Ein schwarzes Jahr für BlackRock

Nachdem die „Bankenstreßtests“ der Europäischen Zentralbank (EZB) 2016 und 2018 vom Vermögensverwaltungsfonds BlackRock durchgeführt wurden, fragen informierte Beobachter nach der Geschäftsentwicklung im letzten Jahr, ob BlackRock selbst überhaupt einen vergleichbaren Streßtest bestehen würde.

Im Januar 2018 lag der Marktwert noch bei 520 $ je Aktie, aber er fiel auf nur noch 380 $ in diesem Monat. Und die Unternehmensleitung kündigte beispiellose Entlassungen von fast 4% der weltweiten Belegschaft an. In einem internen Memorandum, das an die Webseite finews.ch und andere Medien durchsickerte, bezeichnet BlackRock-Präsident Rob Kapito die Entlassungen als „Investition“ in die wichtigsten Wachstumsoptionen des Fonds.

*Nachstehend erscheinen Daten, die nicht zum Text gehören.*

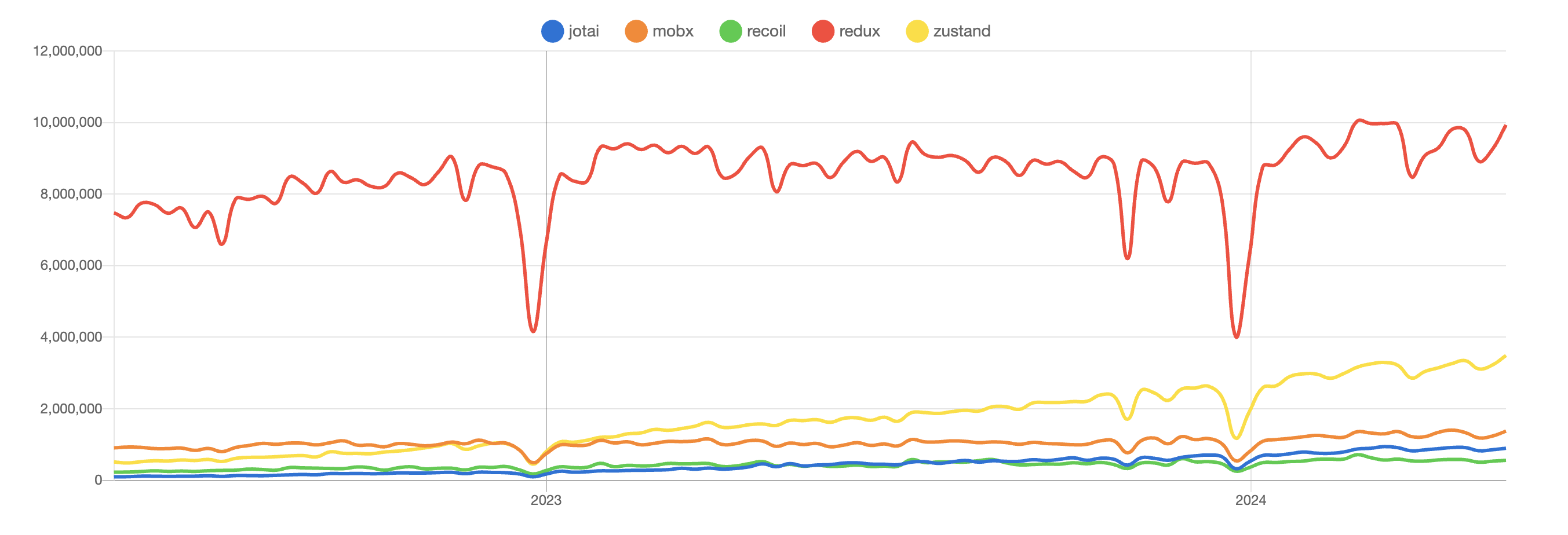 npm trends에 따르면 redux 다음으로 가장 핫한 상태관리 라이브러리,

Das Management behauptet, 2018 sei ein hocherfolgreiches Jahr gewesen, aber die Zahlen zeigen einen anderen Trend. Es gab eine bisher noch nicht näher erklärliche, fast vollständige Abwanderung großer institutioneller Investoren von BlackRock, ihre Anlagen schrumpften von 60 Mrd.$ 2017 auf nur noch 1,3 Mrd.$ im letzten Jahr; deshalb fiel der Fonds auch aus der Liste der zehn größten Fonds in Europa heraus. Kritische Analysten haben wiederholt gewarnt, die vom Management verbreiteten guten Nachrichten seien übertrieben und  sollten die  Krisensymptome überdecken .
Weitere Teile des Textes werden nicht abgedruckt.